Within the ESPRIT project EFTOS a framework is developed to integrate fault tolerance flexibly and easily into distributed embedded HPC applications. This framework consists of a variety of reusable fault tolerance modules acting at different levels. The cost and performance overhead of generic Operating System and Hardware level fault tolerance mechanisms are avoided, while at the same time the burden of ad hoc fault tolerance programming is removed from the application developers. The proposed framework employs a series of mechanisms for communication error detection and recovery and operates at three levels:

At the lowest level, it consists of tools for error detection (D-tools) and tools for error recovery (R-tools). These are parameterisable functions that are dynamically started during the execution of the application. When a D-tool detects an error, it uses a standardized interface to pass specific information to the higher level (DIRnet). The R-tools are started by the DIRnet and their role is to recover the application after some error has occurred. These tools can work either in combination with the higher levels or as stand-alone tools.

At the middle level, the above tools are coordinated via a distributed control network, the Detection-Isolation-Recovery network (DIRnet). The DIRnet is a hierarchical network that serves as a backbone to pass information among the fault tolerance elements of the application and allows distributed actions to be taken. It consists of a central manager who has a global view of the system and several agents located in different nodes, who interact with D/R-tools in their field and perform multiple coordinated actions along the network, unfolding this way strategic schemes dictated by the user. Agents are not interconnected, but can communicate via the central manager, who is responsible for their cohesion.

At the highest level , the above tools are combined into mechanisms that apply fault tolerance to processing or communication modules. A custom language, specifying the user's recovery strategy complements this.

A view of the FT framework architecture is shown in Fig.1. The adaptation layer allows the generic definition of the fault tolerance library interface both to the underlying operating system and target hardware. The FT library has been implemented on top of EPX, TEX and Win/NT platforms. This guarantees portability to different architectures where these platforms are available.

Fig. 1. Fault Tolerant Framework Architecture

Two methods are provided to avoid problematic situations in the synchronous message-passing mode:

  • The status of the communication link and the communication partner are explicitly tested before blocking for communication.
  • Communication is established normally but timeout mechanisms are initiated to escape from faulty situations. Naturally, both approaches can be used in combination.

Every time two threads need to establish a communication channel a special thread is created by each of them, the Channel Control Thread (CCT), which will control the fault tolerant communication.
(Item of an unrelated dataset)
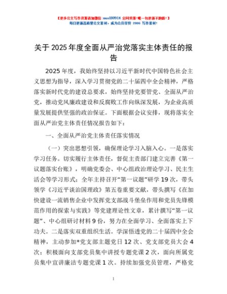 / 关于2025年度全面从严治党落实主体责任的报告

The possibility of returning from blocked communication is provided by using this separate thread. The CCT is used to handle timeouts and to trigger recovery actions in co-operation with the DIRnet (see Fig. 2). It is also responsible for handling isolation actions (temporary or permanent deactivation of a communication channel) and recovery actions (reactivation of a channel, creation of an alternative channel, re-sending of a message). The existence and the actions of the CCT are transparent to the application and are initiated only if a communication channel is defined to be fault-tolerant.

Fig. 2. Fault Tolerant Synchronous Communication with Dual CCTs

The two CCTs are synchronized by a SYNC control signal, which is sent by the sending to the receiving side within a timeout period (see Fig. 3). After the synchronization, a READY signal is sent to the application threads by the CCTs and the application threads are ready to exchange data through the CCTs. After the exchange of data between the application threads, a second synchronization takes place between the sender and receiver CCTs in the same way as before.
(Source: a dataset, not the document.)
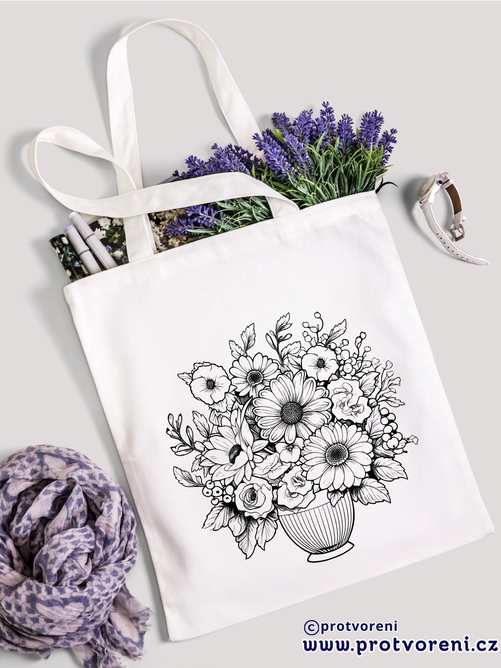 Textilní taška k vybarvení, KVĚTINY VE VÁZE, 41x37cm, BÍLÁ, 1 kus

In the case of asynchronous communication, communication problems are dealt with as follows: the sender, upon sending its message, evokes a task (initiated at start-up) or creates a thread, whose job is to monitor the status of the sender's message and to inform accordingly the DIRnet and/or the sender. When the receiver retrieves the mail from the mailbox, it notifies the monitoring task that the mail was correctly (or not) received. The monitoring task waits for either such a message from the receiver or a timeout. If this message arrives before the timeout, it sends an appropriate message to the sender, if the sender is in suspending mode. If timeout occurs, then the monitoring task concludes that something is wrong with the receiver and informs the DIRnet about the trouble. The DIRnet can then take some recovery actions. In case of a stand-alone mechanism the recovery phase is built-in and is automatically initiated. The result of these actions (successful or not) is then propagated via the monitoring task to the sender. This mechanism corresponds to a single CCT for control messages version of the mechanism that was devised for the synchronous communication case.

Fig. 3. Protocol used for Synchronous Communication on Fault Tolerant Links (Dual CCTs)

The presented communication fault tolerance functionality has been successfully integrated in two real-time embedded HPC applications: an image processing module in an automatic mail processing system developed by Siemens ElektroCom, and a remotely controlled automation system for electric high-voltage substations operated by ENEL (Italian Electricity Provider). This resulted in valuable experience when software fault injection was applied. Future work will move further on the porting of the FT framework across different platforms and operating systems, providing and integrating standard mechanisms for node to node interoperability. Furthermore, the implementation of a fault tolerance middleware using emerging standards, technologies and industrial initiatives (e.g. CORBA) will be considered to guarantee the required level of dependability of object-oriented open distributed systems.

References

[Ver 98] Verentziotis, E., Meliones, A., Varvarigou, T., Efthivoulidis, G., Kontizas, A.: "Synchronous and Asynchronous Fault Tolerant Communication in Embedded Supercomputing". Int. Conf. on Parallel and Distributed Processing Techniques and Applications (PDPTA'98). Las Vegas, July 13-16, 1998.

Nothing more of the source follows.